If there is an official with the group but he does not witness the incident in such a way as for him to have the information required to make a correct ruling and the player does not request a ruling then it will be a DQ.

The use of 33-7 in both the Janzen and Tiger cases is to ensure that mistakes by the committee or officials do not affect the outcome of the event.
post #162 of 233
Quote:
Originally Posted by sacm3bill View Post

But why is that? Because an attempt was made to contact the player even though it was not successful? If so, then how do you make the determination as to when the attempt would be too late? Is it when the committee is not alerted until after the player has signed? (There are certainly rules and precedence requiring a DQ in that case).
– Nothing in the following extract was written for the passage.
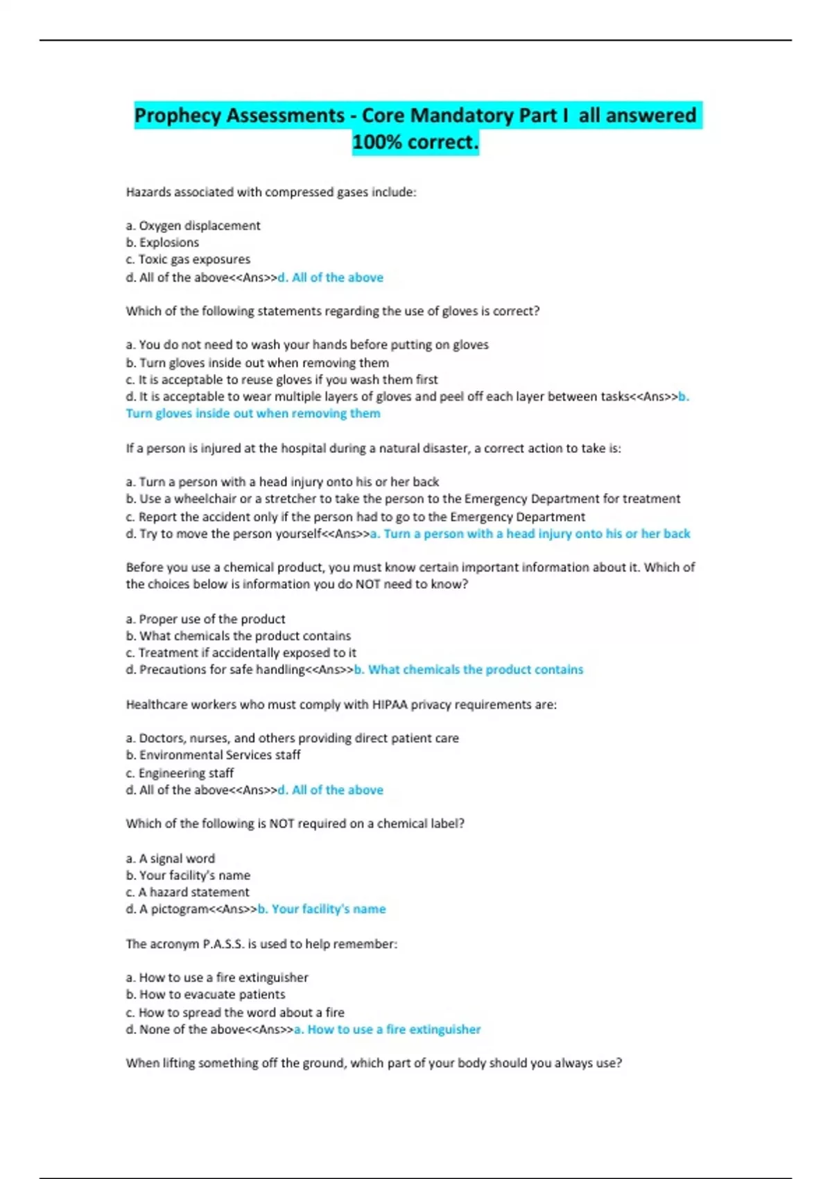 Hazards associated with compressed gases include: a. Oxygen displacement b. Explosions c. Toxic gas exposures d. All of the above<<Ans>>d. All of the above Which of the following statements regarding the use of gloves is correct? a. You do not need to wash your hands before putting on gloves b. Turn gloves inside out when removing them c. It is acceptable to reuse gloves if you wash them first d. It is acceptable to wear multiple layers of gloves and peel off each layer between tasks<<Ans>>b. Turn gloves inside out when removing them If a person is injured at the hospital during a natural disaster, a correct action to take is: a. Turn a person with a head injury onto his or her back b. Use a wheelchair or a stretcher to take the person to the Emergency Department for treatment c. Report the accident only if the person had to go to the Emergency Department d. Try to move the person yourself<<Ans>>a. Turn a person with a head injury onto his or her back Before you use a chemical product, you must know certain important information about it. Which of the choices below is information you do NOT need to know? a. Proper use of the product b. What chemicals the product contains c. Treatment if accidentally exposed to it d. Precautions for safe handling<<Ans>>b. What chemicals the product contains Healthcare workers who must comply with HIPAA privacy requirements are: a. Doctors, nurses, and others providing direct patient care b. Environmental Services staff c. Engineering staff d. All of the above<<Ans>>d. All of the above Which of the following is NOT required on a chemical label? a. A signal word b. Your facility's name c. A hazard statement d. A pictogram<<Ans>>b. Your facility's name The acronym P.A.S.S. is used to help remember: a. How to use a fire extinguisher b. How to evacuate patients c. How to spread the word about a fire d. None of the above<<Ans>>a. How to use a fire extinguisher When lifting something off the ground, which part of your body should you always use? a. Back b. Abdominals c. Arms d. Legs<<Ans>>d. Legs Which of the following statements regarding electrical safety is correct? a. Do not roll equipment over electrical cords because it can damage the cord b. It is acceptable to use a plug with a loose or broken pin as long as the device works c. Adaptors that convert three-pin plugs to two-pin plugs are safe to use d. Equipment should be unplugged by pulling the cord, not the plug<<Ans>>a. Do not roll equipment over electrical cords because it can damage the cord Placing a patient on Contact Precautions means that everyone must: a. Wear appropriate Personal Protective Equipment (PPE) such as gowns and gloves b. Wear a respirator c. Care for the patient in an airborne infection isolation room (AIIR) d. All of the above<<Ans>>a. Wear appropriate Personal Protective Equipment (PPE) such as gowns and gloves When mobilizing a weak or unsteady patient, which technique(s) should you consider? a. Using a transfer belt (gait belt) b. Using a mechanical lift, roller board, sliding board, flexible patient mover, or sling c. Having an assistant help you d. All of the above<<Ans>>d. All of the above Which of the following would be considered an internal disaster rather than an external one? a. Earthquake b. Hurricane c. Flood d. Bomb threat<<Ans>>d. Bomb threat In the event of an earthquake, which of the following should never be done? a. Moving all patients to a central area b. Closing all curtains and shades in the central area c. Closing all doors to the central area d. Using candles for illumination<<Ans>>d. Using candles for illumination When working with or near radiation, which of the following statements is incorrect? a. If you cannot locate your badge monitor, you should borrow one from your co-worker b. A 0.5-mm thick lead apron reduces scattered radiation by approximately 10 times c. Doubling the distance between a person and the radiation source reduces the radiation exposure by a factor of 4 d. Before you attempt a procedure, think ahead how you will accomplish it<<Ans>>a. If you cannot locate your badge monitor, you should borrow one from your co-worker When moving a patient from bed to wheelchair, which technique should you avoid at all times? a. Bending at your knees to lower the patient to the chair b. Having the patient hold onto your neck or shoulders c. Placing yourself in front of the patient and blocking the patient's leg closest to the chair with your foot and leg d. Positioning the wheelchair at a slight angle close to the bed<<Ans>>b. Having the patient hold onto your neck or shoulders

If so, then the committee needs to somehow correlate the instant they were alerted (or the instant at which they made a ruling, if you want to do it that way), with the instant the player signed the card. So you're still getting into cases where not only do those instants need to be accurately known, but where random timing still comes into play. Do you think that's acceptable?

When the committee is alerted that there may be an issue they will look at where the player is on the course and if there won't be time to look into it before the player reaches the scorers hut then they will call the scorers and ask them to hold the player.

That will take maybe 1 minute. It's a pretty small window in which the committee will hear of an issue but not be able to stop the player leaving the scorers hut. How often is that going to happen?